Investors see the chances of large-scale monetary easing as low as the economy is fully recovering after Beijing exited a strict zero-Covid strategy late last year.
The People’s Bank of China said it would keep the interest rate on its 481 billion yuan ($70.03 billion) one-year medium-term lending facility offered to some financial institutions at 2.75%, unchanged from its previous operation.
All participants in a Reuters poll of 28 market watchers this week expected the MLF rate to remain unchanged, with 20 predicting fund issuances would exceed their maturity dates.
200 billion yuan of MLF loans will mature this month, injecting a net new capital of 281 billion yuan into the banking system.

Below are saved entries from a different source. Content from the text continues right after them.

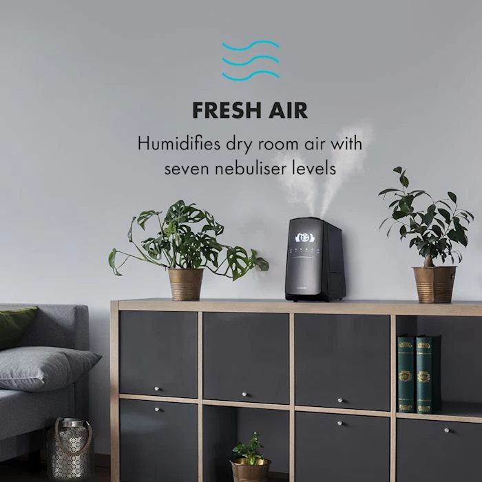 - Un air frais : humidifie l’air ambiant sec avec sept niveaux de nébulisation
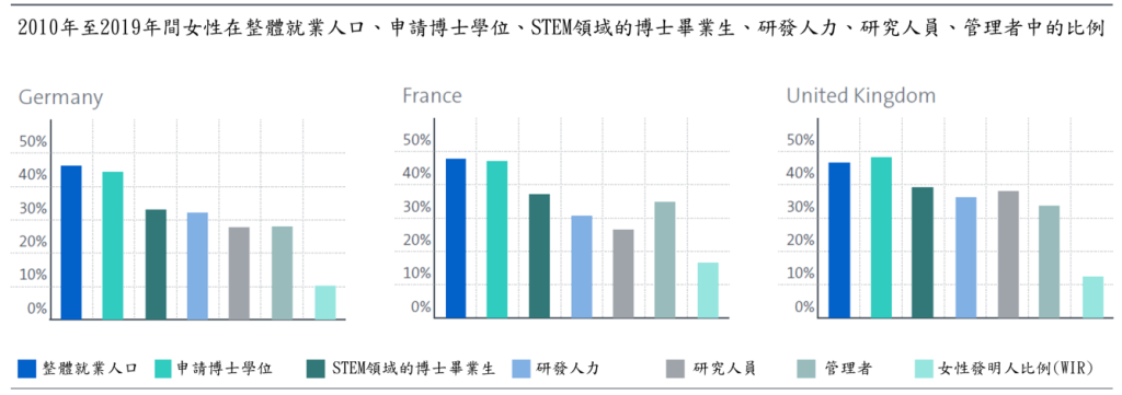 圖4 2010年至2019年間女性在整體就業人口、申請博士學位、STEM領域的博士畢業生、研發人力、研究人員、管理者中的比例
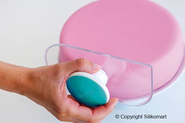 Průsvitná žehlička se silikonovým držátkem na vyhlazování dortů.
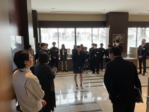 青木マイスター・ハイスクールCEOの所属するSCREENホールディングスの企業理念を印字し、廣江社長に贈呈させていただきました。贈呈式では垣内会長にもお越しいただき、気さくに生徒に話しかけてくださいました。
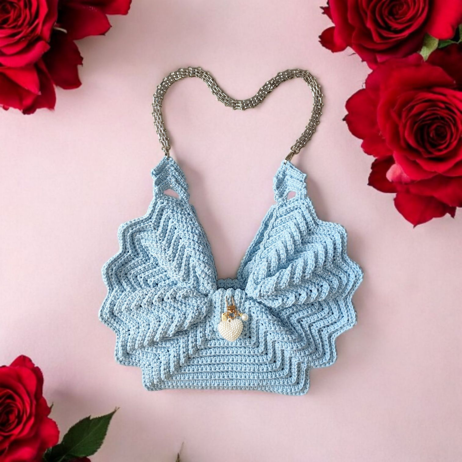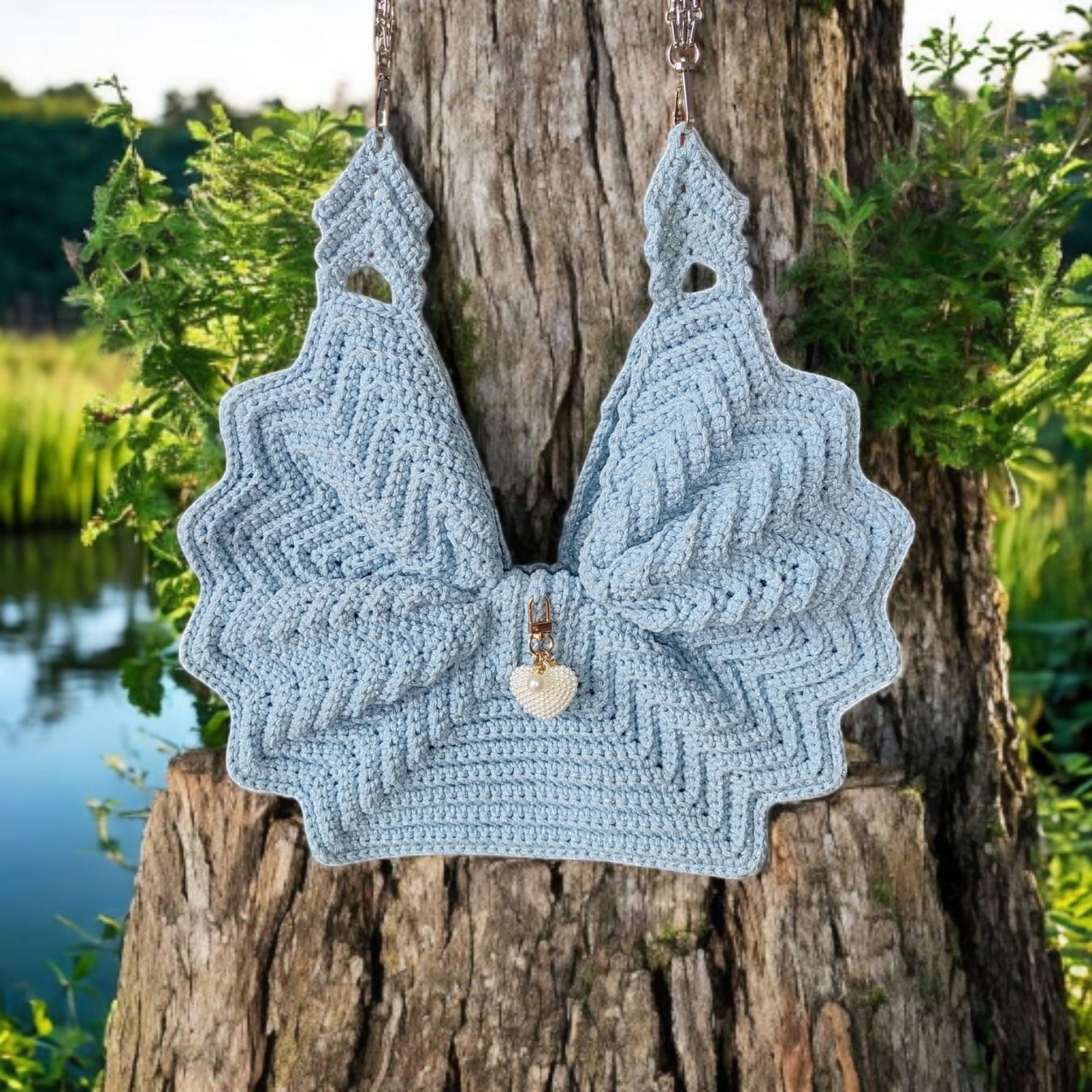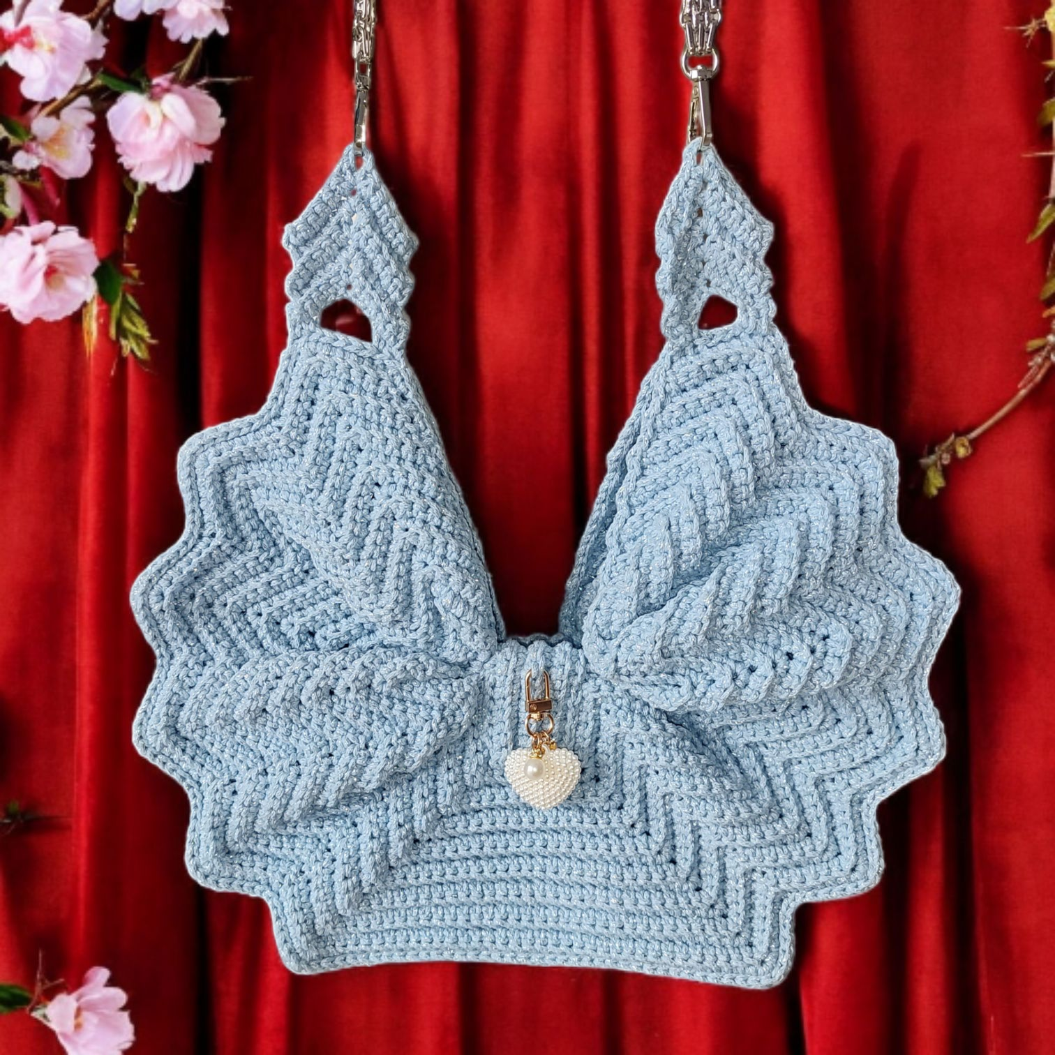 Szydełkowa torebka kokarda to połączenie tradycyjnego rzemiosła z nowoczesnym designem. Ręczne wykonanie, unikatowy kształt kokardy, wygodne magnetyczne zapięcie oraz elegancka błyszcząca nitka czynią ją stylowym i praktycznym dodatkiem do Twojej garderoby.
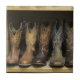 Fototryck av cowboystövlar på en hylla som är tryckt på keramiskt plattor
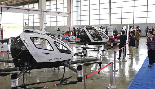 嘉宾在展区参观各种无人机、无人驾驶载人航空器。 梁文栋 摄
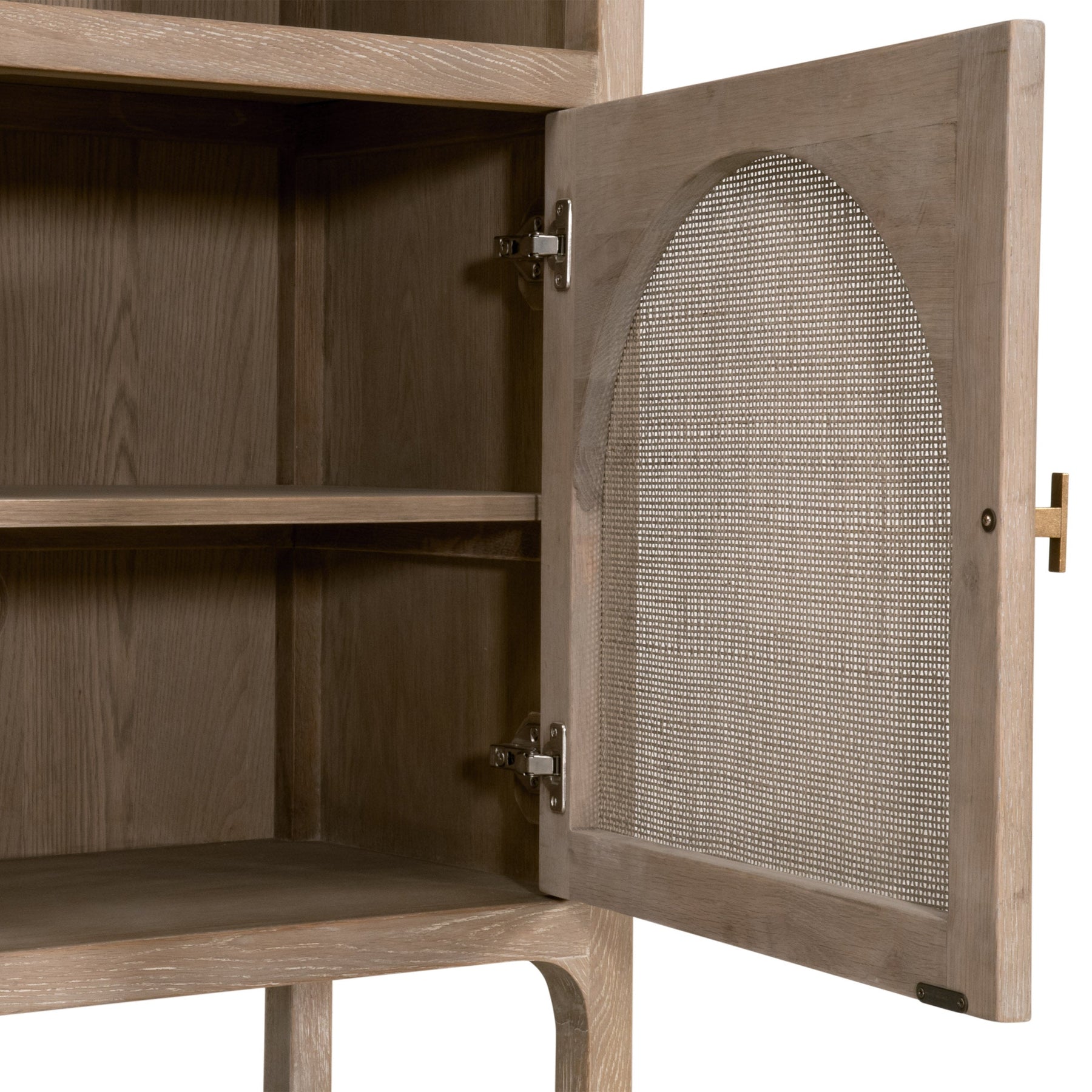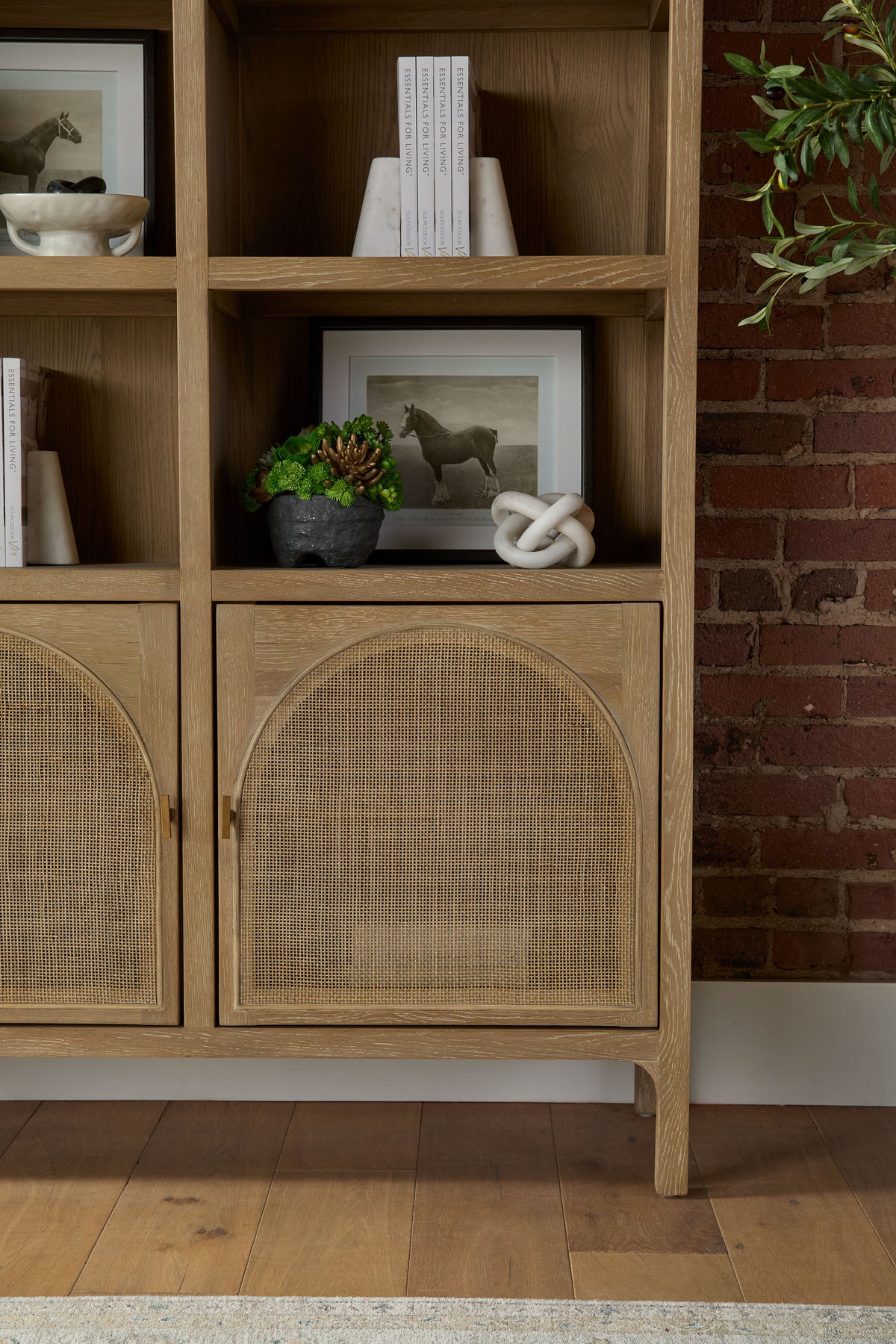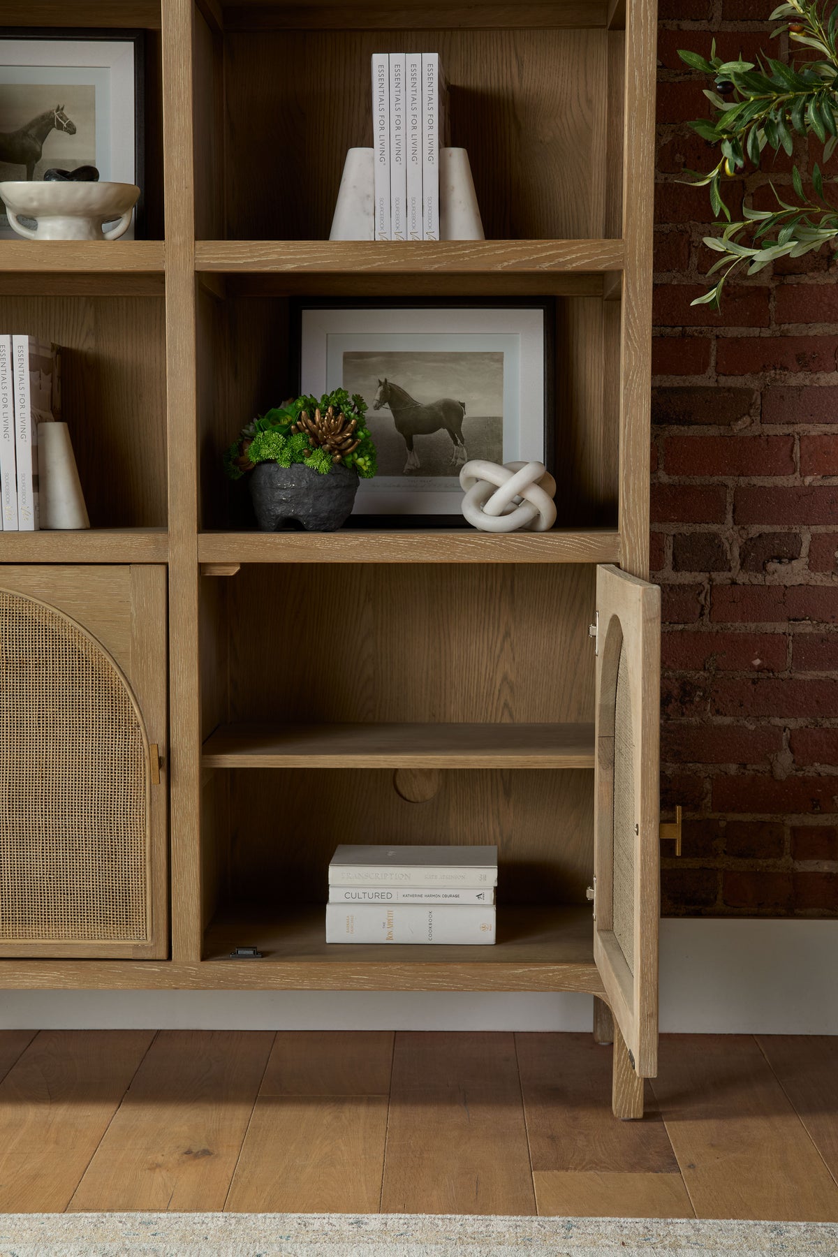 The Claude Storage Bookcase blends solid oak craftsmanship with elegant cane inlay and brushed gold accents. It offers spacious cabinets with magnetic doors, adjustable shelves, and open display areas, all designed to keep your space organized and stylish.

The central bank said in an online statement that Wednesday’s lending operations aimed to “maintain reasonably sufficient liquidity in the banking system” to fully meet the cash needs of financial institutions.
Xing Zhaopeng, senior China strategist at ANZ, said higher cash infusions would “relieve liquidity pressure”.
“Nearly 500 billion yuan in fund issuance shows that the possibility of lowering the reserve requirement ratio (RRR) in the short term is not high,” Xing said, predicting that market interest rates may climb.
Xing added that China’s modest economic growth target for this year also suggests that further monetary easing is unlikely.
China set an economic growth target of around 5% for this year at the annual meeting of the National People’s Congress. That target was at the lower end of expectations, as policy sources recently told Reuters a range as high as 6 percent could be set. It was also below last year’s target of about 5.5%.
The central bank also injected 104 billion yuan through seven-day reverse repos, while keeping borrowing costs unchanged at 2.00%, the central bank said in an online statement.